Elke maand komt het Europees Parlement gedurende vier dagen in plenaire zitting bijeen in Straatsburg. Deze zittingen zijn de hoogtepunten van het parlementaire leven. In de Franse stad vinden de grote actuele debatten en de definitieve stemmingen over wetsvoorstellen plaats. De plenaire vergadering kan worden beschouwd als het sluitstuk van het werk dat in Brussel wordt verricht. Het idee van dit artikel is om u een overzicht te geven van de belangrijkste gebeurtenissen van de week, hun context uit te leggen, ze te analyseren en u te informeren over de belangrijkste stemmingen tijdens deze zitting.
Leestijd: 20 min
Onze jongeren beschermen tegen ontsporingen op sociale media
Sociale netwerken bestaan al sinds het begin van het internet, maar hun aantal, gebruik en impact op ons leven zijn diepgaand geëvolueerd – soms in een verbluffend tempo. In de jaren 1990 en 2000 verliep hun opmars geleidelijk en hun plaats in ons dagelijks leven was nog zeer beperkt: meestal gebruikte men één enkele computer voor het hele gezin. Vandaag bevinden sociale netwerken zich letterlijk binnen handbereik, in onze broekzak via onze smartphones. Dankzij mobiele abonnementen met onbeperkte data is de toegang onmiddellijk, permanent en soms bijna ononderbroken. Dat geldt des te meer voor jongeren: vier op de vijf tieners raadplegen sociale media minstens één keer per uur. Bijna 90% van hen zit op deze platformen, veel meer dan bij oudere generaties (65%).

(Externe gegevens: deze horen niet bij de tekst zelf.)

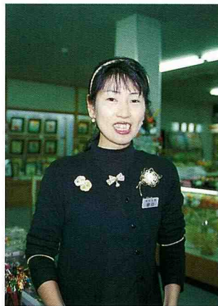
■展售場裏商品多樣化，美麗姑娘的頭飾及服飾是非常有特色的工藝品。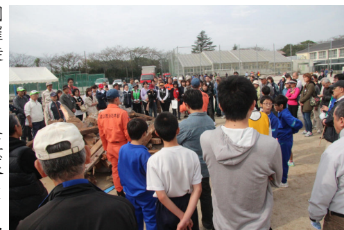
瓦礫の下からの救出場面

10月22日(土)に、東部地区学校地域合同防災訓練が実施されました。今年度は、地域主催で実施されました。各自治会から550名、生徒140名、合計690名が訓練に参加しました。この訓練は今年で4年目となりますが、毎年、少しずつメンバーがかわりながら継続して実施されており、様々なコンテンツを体験した方々が毎年確実に地域に増えているという点はたいへん意義のあることと思います。また、今年度地元木谷工業のご厚意で瓦礫からの救助について学ぶことができました。道路が寸断され、レスキュー隊も消防車も入れないとき、頼りになるのは住民の力との説明は、たいへん説得力がありました。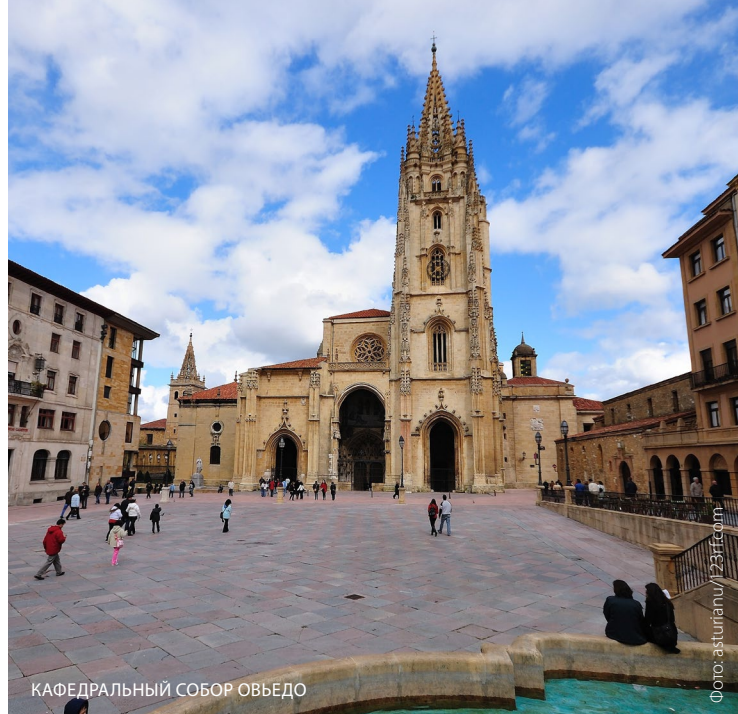
КАФЕДРАЛЬНЫЙ СОБОР ОВЬЕДО

Если вы хотите получить «компостелу» — свидетельство, которое выдается тем, кто прошел Путь из религиозных или духовных побуждений, — вам придется преодолеть не менее 100 километров пешком или на лошади, либо не менее 200 километров на велосипеде.

Natuurlijk mogen we de redenen die jongeren ertoe aanzetten om voortdurend aanwezig te zijn op sociale media niet minimaliseren. Het beantwoordt aan een sterke behoefte aan groepsbinding en sociale bevestiging in een periode waarin ze hun identiteit opbouwen. Maar deze overconsumptie is niet zonder risico. Naast cyberpesten – uitvoerig gedocumenteerd en elke dag bron van menselijke drama’s – begint de wetenschap zich steeds meer te richten op minder gekende schadelijke effecten. Studies tonen steeds vaker gevolgen voor de mentale gezondheid van adolescenten, maar ook voor hun cognitieve en emotionele ontwikkeling.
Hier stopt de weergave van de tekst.